Closed glassfishrobot closed 7 years ago
Reported by fae
fae said: Work around code here: https://gist.github.com/haku/4c5447c33850947c4862
oleksiys said: Could you pls. explain how we can reproduce the problem? I mean more step-by-step details.
Thank you.
@rlubke said: Could you please give this JAR [1] a shot in your environment?

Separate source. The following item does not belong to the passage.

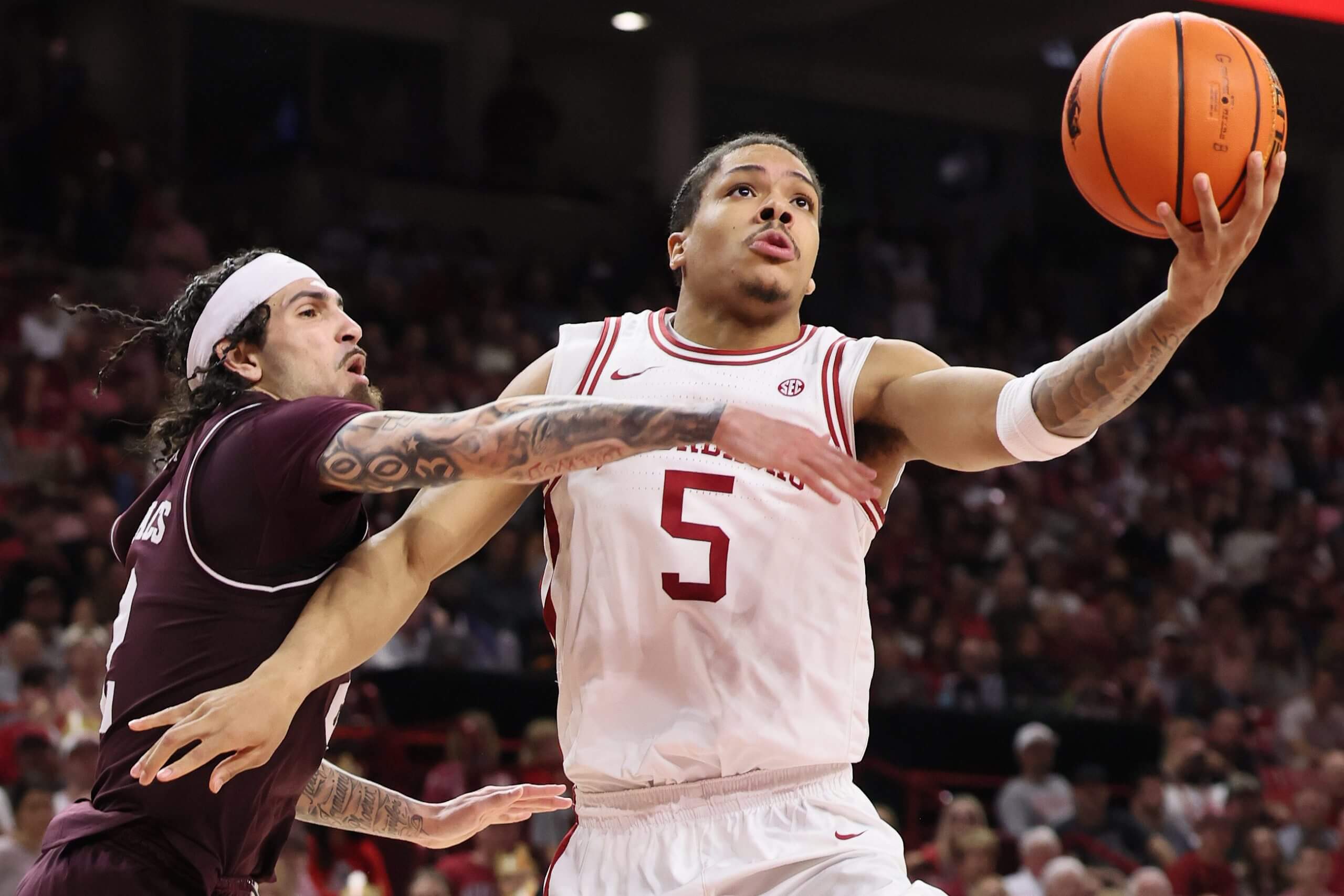 Philon has taken advantage of his extra year, returning to college and helping himself immensely while stepping into Alabama’s lead guard role. He’s averaging 21.4 points and nearly five assists per game while shooting 51 percent from the field, 38.6 percent from 3 and 78 percent from the foul line. Though his defense has taken a bit of a step back from last season, when he was terrific while playing next to Mark Sears and only sharing the on-ball responsibilities, he has been acceptable on that end.

[1] https://www.dropbox.com/s/pmw8vy3ovnbfyrx/grizzly-framework-2.3.29-SNAPSHOT.jar?dl=0
@rlubke said: Changes applied:
2.3.x: 3c30dc05944f88184123f57d4956a14dfc5815eb master: 8f783a3c8bd7357c77cdd45e7f07d836ada927eb
This issue was imported from java.net JIRA GRIZZLY-1824
Marked as fixed on Friday, January 13th 2017, 2:03:22 pm
I have been making a HTTP service using HttpServer and loading testing it to check how it behaves under very high load. This service will sit behind a reverse proxy, so I expect all the TCP connections to come from the same client host. My setup code looks like this (I have omitted lots of stuff I do not think is relevant to this issue):
Under high load from Gatling many of the requests do not finish gracefully, e.g. Gatling state is:
This is totally expected, but I do not expect it to break the service such that the JVM crashes or it is unusable after the load is removed. However I found that under this load the JVM would run out of memory and start throwing OutOfMemoryError and killing random threads until everything ground to a halt. In a heap dump from the dead (but JVM still running) service I found that org.glassfish.grizzly.utils.DelayedExecutor.DelayQueue.queue was responsible for 80+% of the heap usage.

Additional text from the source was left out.